I'd appreciate learning what egg dishes (non-dessert) sampled at a restaurant have been particularly memorable for you.

In addition, your input on when humour can play a significant role in a dish (with any available examples) would be of considerable interest to me. :laugh:

"I've caught you Richardson, stuffing spit-backs in your vile maw. 'Let tomorrow's omelets go empty,' is that your fucking attitude?" -E. B. Farnum

"Behold, I teach you the ubermunch. The ubermunch is the meaning of the earth. Let your will say: the ubermunch shall be the meaning of the earth!" -Fritzy N.

"It's okay to like celery more than yogurt, but it's not okay to think that batter is yogurt."
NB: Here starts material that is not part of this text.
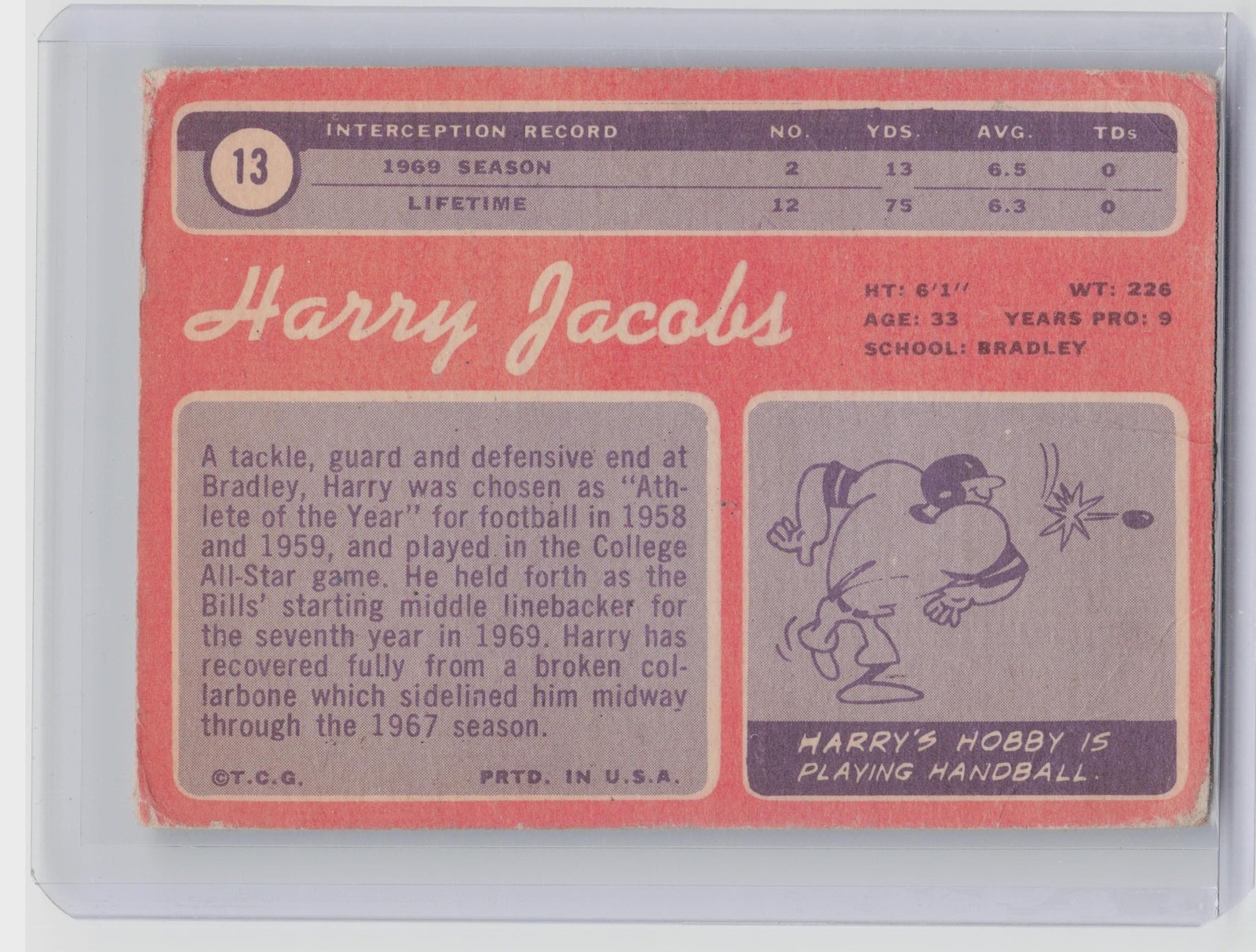 1970 Topps Harry Jacobs #13 Bills

Serving fine and fresh gratuitous comments since Oct 5 2001, 09:53 PM

Posted

When I worked for Blanc we did a ravioli of quails egg, spinach, mushroom duxelle, parmesan, Madeira jus and so on. I think they are still making it. That was interesting and a ****er to make some days. Ahhhhh now I remember the very first day I worked there on the gourmand menu there was a truffled egg dish. NIGHTMARE !!!! white truffle infused eggs, Madeira jus, sliced truffle, sabayon and then gratined all back in it's own shell ( which had been boiled and the membrane removed so so carefully ) then trying not to spill anything over the sides. I remember the night clearly because the poor chap on the hot starters began with 2 eggs away, then 1 minute later 4 more, then 4 more, he began to lose it and the chef started to get tense, words were exchanged. Finally there were 19 eggs away he was right in the shit !!!!!! With the help of a few others we got it out but I'll never forget him !!!

DH

Posted
When I worked for Blanc we did a ravioli of quails egg, spinach, mushroom duxelle, parmesan, Madeira jus and so on.  I think they are still making it.

They are. It was the highlight of my recent trip to Europe.